Dir: Silvio Soldini | Drama 119′
It sounds exciting and The Tasters is certainly a beautifully filmed but curiously un-involving drama that follows seven German women tasked with trying out Hitler’s food, based on Italian author Rosella Postorino’s bestselling novel At the Wolf’s Table inspired by the true story of Margot Wölk.
Here she’s called Rosa Sauer (and is played by Elisa Schlott) and has left Berlin to escape the bombs of World War II, when she finds herself selected to become one of Hitler’s food tasters—joining the other women whose sole job it is to sample every dish prepared for the Führer and ensure it hasn’t been poisoned.
As the war rages on, Rosa finds herself torn between divided loyalties, the chilly tone warming up when she finds herself strangely drawn to the handsome SS officer Lieutenant Ziegler (Max Riemelt), probably because her husband is now missing in Russia, presumed dead, giving the film a few torrid moments.

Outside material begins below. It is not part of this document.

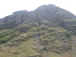 The south side of the glen is marked by a succession of distinct peaks: Buachaille Etive Beag at the eastern end, followed by the Three Sisters, shoulders of the Bidean nam Bian massif which are subdivided by Coire Gabhail and Coire nan Lochan. The name Coire Gabhail (corrie of the bounty, or hollow of capture) refers to former times when the corrie was used by members of Clan MacDonald to hide cattle and other livestock, whether their own or stolen from others. The wide flat glen is well suited for this purpose since from Glen Coe it appears to be a normal v-shaped glen approached only by a steep narrow gorge.[12][13] Summits in the Bidean nam Bian massif include Stob Coire Sgreamhach, Stob Coire nan Lochan and Aonach Dubh (the third "sister").[6] By contrast the north side of the glen is a stark wall of mountain, the Aonach Eagach ridge. The ridge is crossed at the eastern end by the Devil's Staircase, an old military road opposite Buachaille Etive Mòr. The western end terminates with the conical Pap of Glencoe (Sgùrr na Cìche), above Glencoe village, at the point where the glen opens out to Loch Leven.[6]

One of the girls, the sharp-tongued Elfriede (Alma Hasun) has a secret that could mean death for them both. That’s if the food doesn’t kill them beforehand.

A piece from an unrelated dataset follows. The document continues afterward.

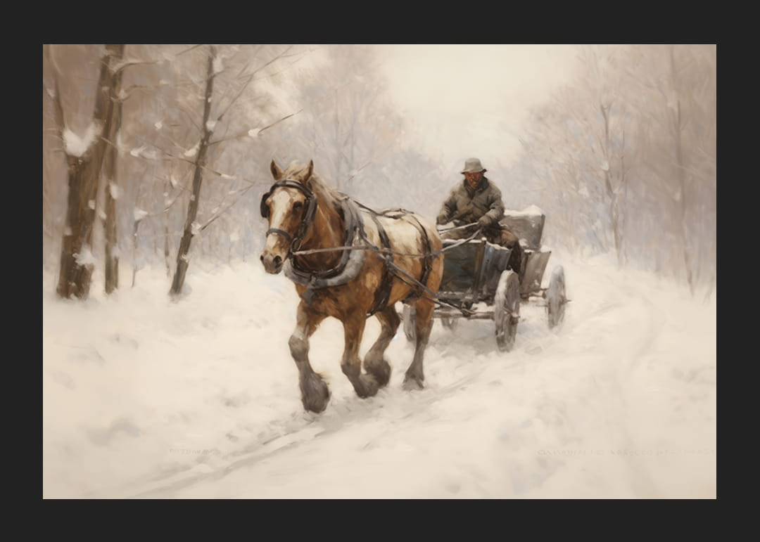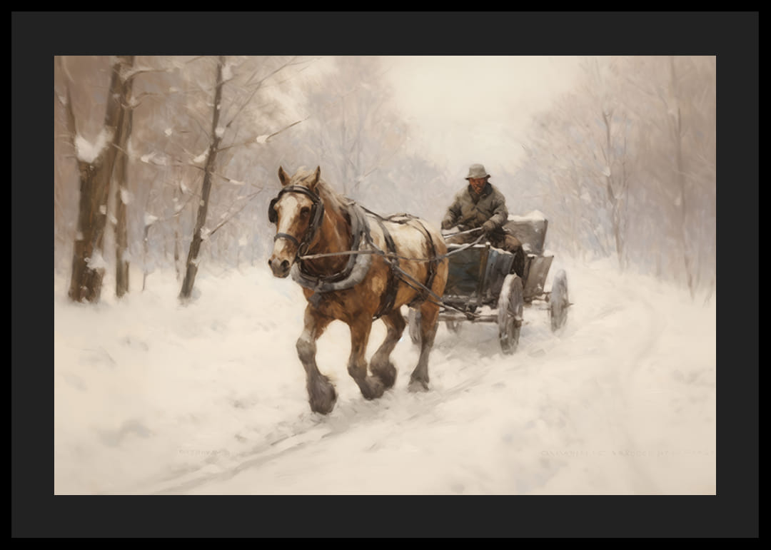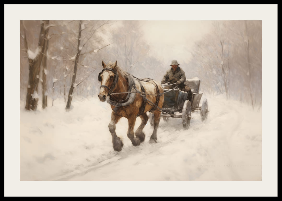 En hest og slede kjøres av en mann gjennom et stille snødekt landskap med vinterkledde trær langs veien. Myke og nøytrale farger dominerer, med hvitt, brunt og grått som skaper et rolig og sesongbasert motiv. Denne plakaten gir en følelse av vinter og tradisjon, og passer godt i en stue eller gang.

With authentic attention to detail, production values are immaculate, and so are the performances, particularly from Schlott who is a cool but magnetic presence in this story about female solidarity during wartime.
Quite why six writers were involved in the screenplay is uncertain but this is an intelligent film that eventually becomes compulsive in exploring female friendship, resistance, desire, and the emotional cost of complicity while revealing how intimacy and suspicion can coexist in the shadow of authoritarian power.